Thyssen co-starred with Grant in several Three Stooges shorts. But this beautiful, vivacious actress was much more than a bombshell.
“She was always cagey about her acting career and its trajectory. My mother was a very clever woman and extremely well read.
“If she had been born in a different era, I think she could have been a lawyer or professor,” said her daughter, Genevieve Guenther.
Working with the Three Stooges was the highlight of her acting career. Let’s face it, who wouldn’t love to be a part of that pie-throwing, rubber-chicken-over-the-head kind of fun?
In the 1958’s Three Stooges Quiz Whizz, Thyssen is seen hitting the stooges with a baseball bat and receiving a cake to the face in return.
She also had fond memories of the constant barrage of pies in the face.
“I didn’t quite understand that those kind of shorts would later be so admired and loved,” said Thyssen in a 2010 interview. Her movie career ended in 1967 when she decided to raise a family.

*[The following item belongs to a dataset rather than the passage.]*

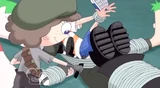 Doof-2 pulls the lever that allows the arm flying with a punch

“I think that she always felt a little bit embarrassed about the movie persona that she adopted as this kind of voluptuous, glamorous Danish pastry with nothing between her head except silk and feathers.” says Guenther.
That sure wasn’t who she was. The people closest to her knew that.
After retirement, Thyssen began painting in her New York home. She was a beautiful woman, smart and described by acquaintances as straight and narrow: she was an amazing woman and left quite the legacy.